Your goal — Reproduce the data below verbatim from the line containing "栄養教諭の中尾先生より、給食について説明していただきました。" through its final line, and produce nothing more.

Extracted records:
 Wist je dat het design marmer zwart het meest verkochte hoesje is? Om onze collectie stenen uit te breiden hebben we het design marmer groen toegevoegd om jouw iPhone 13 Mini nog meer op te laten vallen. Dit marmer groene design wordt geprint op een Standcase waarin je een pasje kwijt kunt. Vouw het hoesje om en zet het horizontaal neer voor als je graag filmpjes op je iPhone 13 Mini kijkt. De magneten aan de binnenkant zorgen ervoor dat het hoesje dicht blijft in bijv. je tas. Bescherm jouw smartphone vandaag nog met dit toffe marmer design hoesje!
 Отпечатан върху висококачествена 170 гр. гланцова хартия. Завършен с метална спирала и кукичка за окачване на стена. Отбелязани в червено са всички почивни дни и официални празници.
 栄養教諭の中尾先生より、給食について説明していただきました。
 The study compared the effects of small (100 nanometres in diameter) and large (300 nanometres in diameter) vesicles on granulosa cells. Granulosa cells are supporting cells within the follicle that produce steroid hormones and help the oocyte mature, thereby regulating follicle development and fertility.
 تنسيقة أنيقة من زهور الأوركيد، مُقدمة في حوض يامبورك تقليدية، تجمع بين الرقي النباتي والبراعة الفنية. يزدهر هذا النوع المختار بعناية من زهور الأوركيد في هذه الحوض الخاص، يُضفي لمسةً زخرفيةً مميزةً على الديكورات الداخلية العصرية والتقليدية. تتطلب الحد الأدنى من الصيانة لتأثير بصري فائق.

Response area —
 栄養教諭の中尾先生より、給食について説明していただきました。
 The study compared the effects of small (100 nanometres in diameter) and large (300 nanometres in diameter) vesicles on granulosa cells. Granulosa cells are supporting cells within the follicle that produce steroid hormones and help the oocyte mature, thereby regulating follicle development and fertility.
 تنسيقة أنيقة من زهور الأوركيد، مُقدمة في حوض يامبورك تقليدية، تجمع بين الرقي النباتي والبراعة الفنية. يزدهر هذا النوع المختار بعناية من زهور الأوركيد في هذه الحوض الخاص، يُضفي لمسةً زخرفيةً مميزةً على الديكورات الداخلية العصرية والتقليدية. تتطلب الحد الأدنى من الصيانة لتأثير بصري فائق.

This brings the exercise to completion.